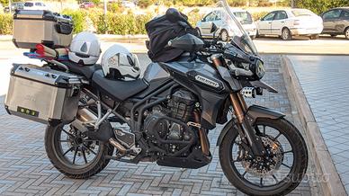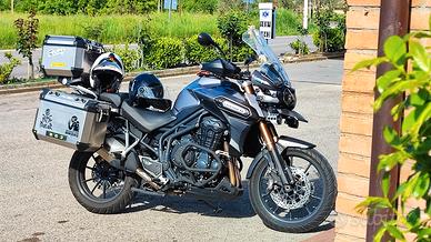 Triumph Tiger Explorer 1215, anno 2012, km 70.000, CV 137. Tre cilindri, Ride-by-wire, ABS disinseribile, traction control, cruise control. Trasmissione a cardano, fendinebbia alogeni. Mono regolabile. Protezione tubolare paracolpi motore, presa 12V vicino al manubrio. Sell regolabile in altezza 837-857. Cavalletto centrale e stampella, portapacchi posteriore, parabrezza regolabile ecc.ecc. Disponibile set valige e bauletto Givi con unica chiave. Borsa da serbatoio. Gomme con 1.000 km, tagliandata regolarmente, veramente a posto.
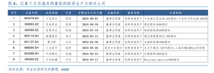 关注新质生产力并购重组方向的标的。证监会将积极支持上市公司围绕战略性新兴产业、未来产业等进行并购重组,包括开展基于转型升级等目标的跨行业并购,以及有助于补链强链、提升关键核心技术水平的未盈利资产收购,引导更多的资源要素向新质生产力方向集聚。由此,我们将新质生产力相关行业(TMT、电新、医药、机械、汽车)中近6个月内正在实施并购重组的标的进行整理,千金药业、双城药业、宝塔实业等8家公司值得关注。
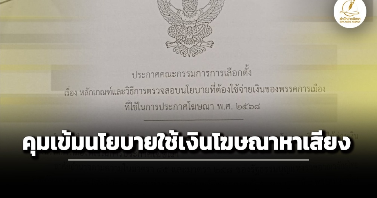 สำนักข่าวอิศรา (www.isranews.org) รายงานว่า วันที่ 17 ธันวาคม 2568 สำนักงานคณะกรรมการการเลือกตั้ง (กกต.) เผยแพร่ประกาศประกาศ กกต. เรื่อง หลักเกณฑ์และวิธีการตรวจสอบนโยบายที่ต้องใช้จ่ายเงินของพรรคการเมืองที่ใช้ในการประกาศโฆษณา พ.ศ. 2568 ลงนามโดยนายณรงค์ กลั่นวารินทร์ ประธานกกต. โดยกำหนดให้การจัดทำนโยบายของพรรคการเมืองที่ต้องใช้เงินต้องรายงานต่อ กกต. ก่อนวันเลือกตั้งไม่น้อยกว่า 20 วัน ซึ่งกกต.อาจจะตั้งคณะกรรมการตรวจสอบ เพื่อตรวจสอบนโยบายของพรรคการเมือง รวมถึงการเรียกเอกสารมาชี้แจง และมีอำนาจสั่งให้พรรคการเมืองนั้นดำเนินการให้ถูกต้องได้ โดยมีรายละเอียดของประกาศ ดังนี้
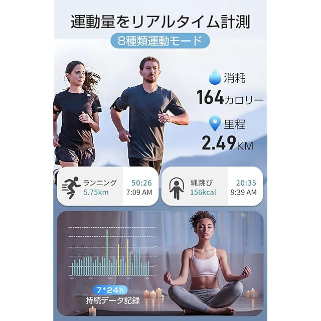 【8種類の運動モードで運動量を計測】 スマートリングはアプリを通してリアルタイムで運動量を計測でき、活動量計として使用できます。アプリにはランニング、ウォーキング、ハイキング、サイクリング、縄跳び、ダンス、ヨガ、ゴルフ 8種類の運動モードが選択可能で、運動時に精密なカロリー計算、運動距離測定、歩数計算、ペース(配速)計算などを実現します。これによって、毎回の運動の状況を把握し、運動効果を効果的に高め、運動のモチベーションを維持することができます。
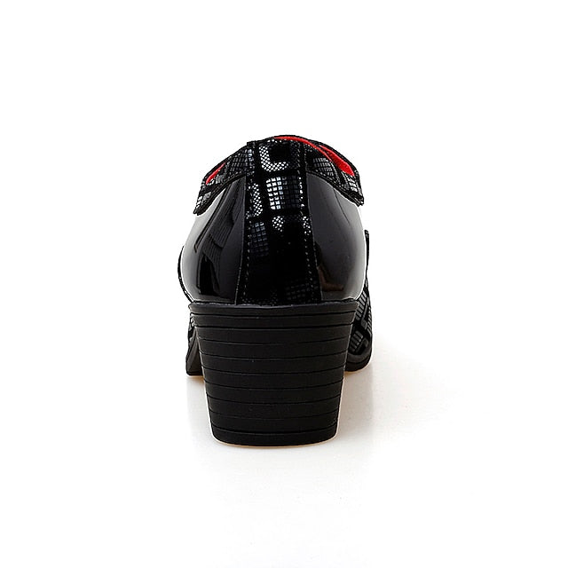 Men's Red and Black Patent Leather Block Heel Oxford Shoes
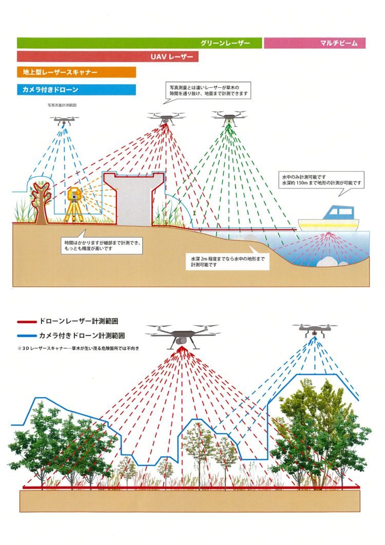 カメラ付きドローンと弊社所有の3Dレーザースキャナーとレーザードローン併用での違いは歴然さらにはグリーンレーザーも使用するとこんなに便利
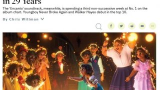 มหัศจรรย์เอ็นกันโต้ We Don't Talk About Bruno กลายเป็นเพลงฮิตอันดับ 1 ชาร์ทหลักของโลก Billboard Hot 100 ครั้งแรกในรอบ 29 ปีจากหนังดีสนีย์
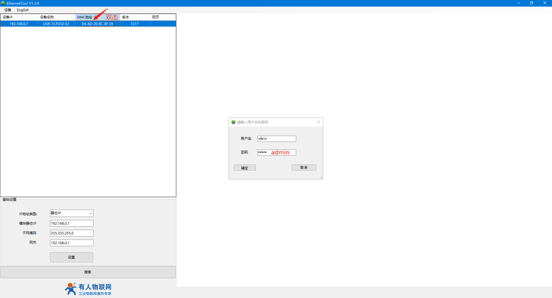 USR-TCP232-E2和電腦網(wǎng)線直連,打開(kāi)H7軟件,搜到USR-TCP232-E2的IP。
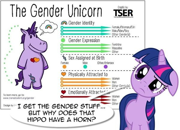 At the core of the furor is a little chart from a group called Trans Student Educational Resources (TSER), using a little purple "gender unicorn" to sort out some of the multiple ways in which we talk about gender identity. The chart appeared only as part of a presentation for teachers and staff, but since there's a cartoony unicorn on it, the Wingnuttosphere has been freaking out over what they assume is a freaky new mascot that will be in every classroom telling their precious children to go pee in the wrong restroom and buy a Subaru.
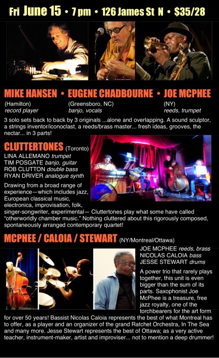 A power trio that rarely plays together, this unit is even bigger than the sum of its parts. Saxophonist Joe McPhee is a treasure, free jazz royalty, one of the torchbearers for the art form for over 50 years! Bassist Nicolas Caloia represents the best of what Montreal has to offer, as a player and an organizer of the grand Ratchet Orchestra, In The Sea and many more. Jesse Stewart represents the best of Ottawa; as a very active teacher, instrument-maker, artist and improviser… not to mention a deep drummer!
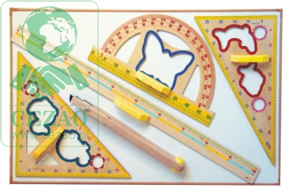 Przyrządy wykonane są ze sklejki wodoodpornej, trzykrotnie pokrytej farbą. Skala, odporna na ścieranie, naniesiona metodą sitodruku. Przyrządy posiadają wycięte ilustracje, które umożliwiają odwzorowanie kształtu na tablicy, przez co uatrakcyjniają naukę i zachęcają do częstego korzystania z nich na zajęciach.
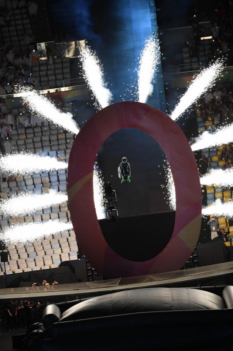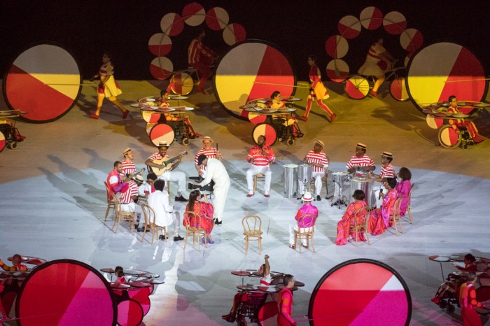 その後ピアニストのジョアオ・カルロス・マーティンによるブラジル国歌の演奏が始まると、色とりどりのパラソルが集結しブラジル国旗を形成した。マーティンは指が萎縮していく障害などにより一度はピアノ奏者を辞めたものの、絶え間ない努力により再びピアノの前に戻ってきた経歴をもつ。

━━━

DIRECTIONS FOR THIS TASK »
For each line above, output its wording exactly and leave out any picture.

TASK RESULT »
 Triumph Tiger Explorer 1215, anno 2012, km 70.000, CV 137. Tre cilindri, Ride-by-wire, ABS disinseribile, traction control, cruise control. Trasmissione a cardano, fendinebbia alogeni. Mono regolabile. Protezione tubolare paracolpi motore, presa 12V vicino al manubrio. Sell regolabile in altezza 837-857. Cavalletto centrale e stampella, portapacchi posteriore, parabrezza regolabile ecc.ecc. Disponibile set valige e bauletto Givi con unica chiave. Borsa da serbatoio. Gomme con 1.000 km, tagliandata regolarmente, veramente a posto.
 关注新质生产力并购重组方向的标的。证监会将积极支持上市公司围绕战略性新兴产业、未来产业等进行并购重组,包括开展基于转型升级等目标的跨行业并购,以及有助于补链强链、提升关键核心技术水平的未盈利资产收购,引导更多的资源要素向新质生产力方向集聚。由此,我们将新质生产力相关行业(TMT、电新、医药、机械、汽车)中近6个月内正在实施并购重组的标的进行整理,千金药业、双城药业、宝塔实业等8家公司值得关注。
 สำนักข่าวอิศรา (www.isranews.org) รายงานว่า วันที่ 17 ธันวาคม 2568 สำนักงานคณะกรรมการการเลือกตั้ง (กกต.) เผยแพร่ประกาศประกาศ กกต. เรื่อง หลักเกณฑ์และวิธีการตรวจสอบนโยบายที่ต้องใช้จ่ายเงินของพรรคการเมืองที่ใช้ในการประกาศโฆษณา พ.ศ. 2568 ลงนามโดยนายณรงค์ กลั่นวารินทร์ ประธานกกต. โดยกำหนดให้การจัดทำนโยบายของพรรคการเมืองที่ต้องใช้เงินต้องรายงานต่อ กกต. ก่อนวันเลือกตั้งไม่น้อยกว่า 20 วัน ซึ่งกกต.อาจจะตั้งคณะกรรมการตรวจสอบ เพื่อตรวจสอบนโยบายของพรรคการเมือง รวมถึงการเรียกเอกสารมาชี้แจง และมีอำนาจสั่งให้พรรคการเมืองนั้นดำเนินการให้ถูกต้องได้ โดยมีรายละเอียดของประกาศ ดังนี้
 【8種類の運動モードで運動量を計測】 スマートリングはアプリを通してリアルタイムで運動量を計測でき、活動量計として使用できます。アプリにはランニング、ウォーキング、ハイキング、サイクリング、縄跳び、ダンス、ヨガ、ゴルフ 8種類の運動モードが選択可能で、運動時に精密なカロリー計算、運動距離測定、歩数計算、ペース(配速)計算などを実現します。これによって、毎回の運動の状況を把握し、運動効果を効果的に高め、運動のモチベーションを維持することができます。
 Men's Red and Black Patent Leather Block Heel Oxford Shoes
 カメラ付きドローンと弊社所有の3Dレーザースキャナーとレーザードローン併用での違いは歴然さらにはグリーンレーザーも使用するとこんなに便利
 มหัศจรรย์เอ็นกันโต้ We Don't Talk About Bruno กลายเป็นเพลงฮิตอันดับ 1 ชาร์ทหลักของโลก Billboard Hot 100 ครั้งแรกในรอบ 29 ปีจากหนังดีสนีย์
 USR-TCP232-E2和電腦網(wǎng)線直連,打開(kāi)H7軟件,搜到USR-TCP232-E2的IP。
 At the core of the furor is a little chart from a group called Trans Student Educational Resources (TSER), using a little purple "gender unicorn" to sort out some of the multiple ways in which we talk about gender identity. The chart appeared only as part of a presentation for teachers and staff, but since there's a cartoony unicorn on it, the Wingnuttosphere has been freaking out over what they assume is a freaky new mascot that will be in every classroom telling their precious children to go pee in the wrong restroom and buy a Subaru.
 A power trio that rarely plays together, this unit is even bigger than the sum of its parts. Saxophonist Joe McPhee is a treasure, free jazz royalty, one of the torchbearers for the art form for over 50 years! Bassist Nicolas Caloia represents the best of what Montreal has to offer, as a player and an organizer of the grand Ratchet Orchestra, In The Sea and many more. Jesse Stewart represents the best of Ottawa; as a very active teacher, instrument-maker, artist and improviser… not to mention a deep drummer!
 Przyrządy wykonane są ze sklejki wodoodpornej, trzykrotnie pokrytej farbą. Skala, odporna na ścieranie, naniesiona metodą sitodruku. Przyrządy posiadają wycięte ilustracje, które umożliwiają odwzorowanie kształtu na tablicy, przez co uatrakcyjniają naukę i zachęcają do częstego korzystania z nich na zajęciach.
 その後ピアニストのジョアオ・カルロス・マーティンによるブラジル国歌の演奏が始まると、色とりどりのパラソルが集結しブラジル国旗を形成した。マーティンは指が萎縮していく障害などにより一度はピアノ奏者を辞めたものの、絶え間ない努力により再びピアノの前に戻ってきた経歴をもつ。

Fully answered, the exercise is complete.